Or, How NOT to Write a Novel.
Here, to celebrate Hallowe’en, is the story of 13 drafts of my historical novel, A WORLD OF LUNATICS, set in 1889 Paris at the International Exposition, with Mr. Thomas Edison as the villain (because he was!):
1st draft—a dog’s breakfast; the story told from four points of view. Big holes. Barely a draft. Set in Dijon, France, in the summer of 1890. Tons of research on Japanese history, Victorian times, social structure, food, clothes, gadgets, weather, blah blah blah
2nd draft—a dog’s lunch. Took away two of the four points of view and added a new one, a bit character named Alec Ferguson, who worked as an illustrator for a London newspaper. Moved the year to 1889 and the setting to the Paris International Exposition. Formatted wonky with font changes and extra spacing, lots of notes. Ferguson spends the first third of the novel in bed, practically.

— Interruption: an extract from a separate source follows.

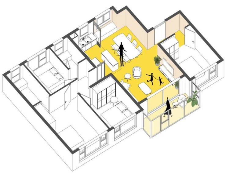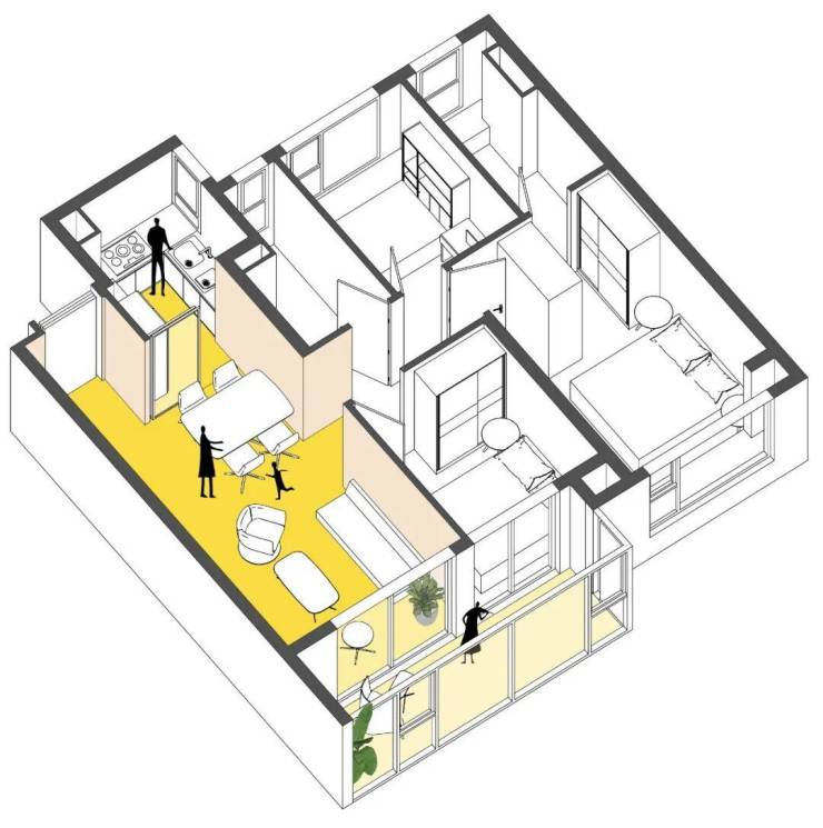 客厅空间融入宽景阳台后,创造出更加互动、开放、可变的融合空间;

3rd draft—still three points of view (Ferguson and 2 others). Reads sort of like a novel, but not really. Scattered, strange, had some fun elements like Mexican silver and a map case, but everyone was a cartoon. Notes to self, scenes missing. This is when the working title became FRENCH TRAIN.
4th draft—Started over in a blank word document. Didn’t refer to the first three drafts. Put it in one point of view, Alec Ferguson’s. Used a spreadsheet to track scenes. Ferguson is still a total wastrel—drunk, has left his son alone, takes the box, etc.—but many scenes are fully fleshed. Sub-villain is now short and muscular with a giant head (he used to be tall and thin like Abraham Lincoln). Ending is all narrative summary and scene fragments.

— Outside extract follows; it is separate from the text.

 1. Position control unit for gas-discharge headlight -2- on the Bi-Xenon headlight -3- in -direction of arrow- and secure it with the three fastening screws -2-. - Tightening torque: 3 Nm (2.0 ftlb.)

5th draft—Cut the first five pages. Tried to get deeper into every moment on the page. Members of my writing group critiqued it. I discovered Ferguson was passive and unsympathetic. Thought about who I should kill—him, or myself?
6th and 7th drafts—A slow progression of experiments. Cut scenes, changed the order, fiddled around with pacing. Still working on character. Cut lots of Ferguson’s stupidity in early chapters, changed scenes to give him more agency. Started querying agents. Changed the title to THE EDISON BRIEF.
8th draft—Massive restructuring from the last draft, aimed at improving the pace. Revised to expand the ending a wee bit. Started querying. In a nine-month period (still revising the novel), I submitted to 29 agents, got 10 requests for full manuscript (which at the time was a very good result), two phone calls from agents, and an offer of representation. Got a wonderful agent!
9th draft—A polishing, plus added one scene near the end, set in the Buffalo Bill show in Paris.
10th draft—a mis-step. Revised the plot, added scenes to create misdirection and have the major bad guy’s role come as a surprise. It didn’t work. It’s really a story about a man who runs away from his son. It’s not really a genre novel (not a mystery, not a thriller). My agent and a trusted reader said they liked the earlier version better. Tried not to panic.
11th draft—Things got physical. Printed the novel landscape, 2 columns, single space. Guillotined the pages, hole-punched them, bound them between cardboard covers using zap straps. Read it like a book. Saw where the problems lay. Panicked. Made a list of things to do. Printed out one chapter at a time and posted it on my office wall. Paced around and highlighted on each page who wants want, what’s preventing it, and what they do. Got this from a Jerry Cleaver book called Immediate Fiction. Rewrote each scene like this. Some hardly changed. Didn’t show this draft to anyone. Let it sit for a few weeks.
12th draft—Got a little less intense with some of the want/obstacle/action stuff. Let the scenes breathe. Brought back some messiness. The novel went on submission. Didn’t get picked up, though it came VERY CLOSE at New American Library (a Penguin imprint)–went up the editorial ladder before getting a ‘no.’
Lesson to be learned: Don’t write three full drafts before you decide who your POV character is.
Updated in 2023–What the future holds: No idea! Even in the nine years since this novel was on submission, traditional publishing has changed quite a bit. It used to be that a request for full meant that the agent would read the full manuscript and send you a personal note about it even if they decided it wasn’t for them. Now my understanding is that if the novel’s high-concept, or even just very interesting, agents will request the full manuscript but perhaps not read it, or will read some of it and send a form rejection.
Regardless, I am writing another historical novel now, with some of the same characters–this one from a woman’s POV and set in 1893 Chicago, at the World’s Columbian Exposition. They still had human zoos in 1893, still believed in eugenics and scientific racism. At least some did. Britain and America were still a patriarchy and still full of bizarre beliefs about women and attempts to control them and their bodies. When I say “still,” it’s like time’s going backwards.
That’s what I love about writing historical fiction–it gives me perspective.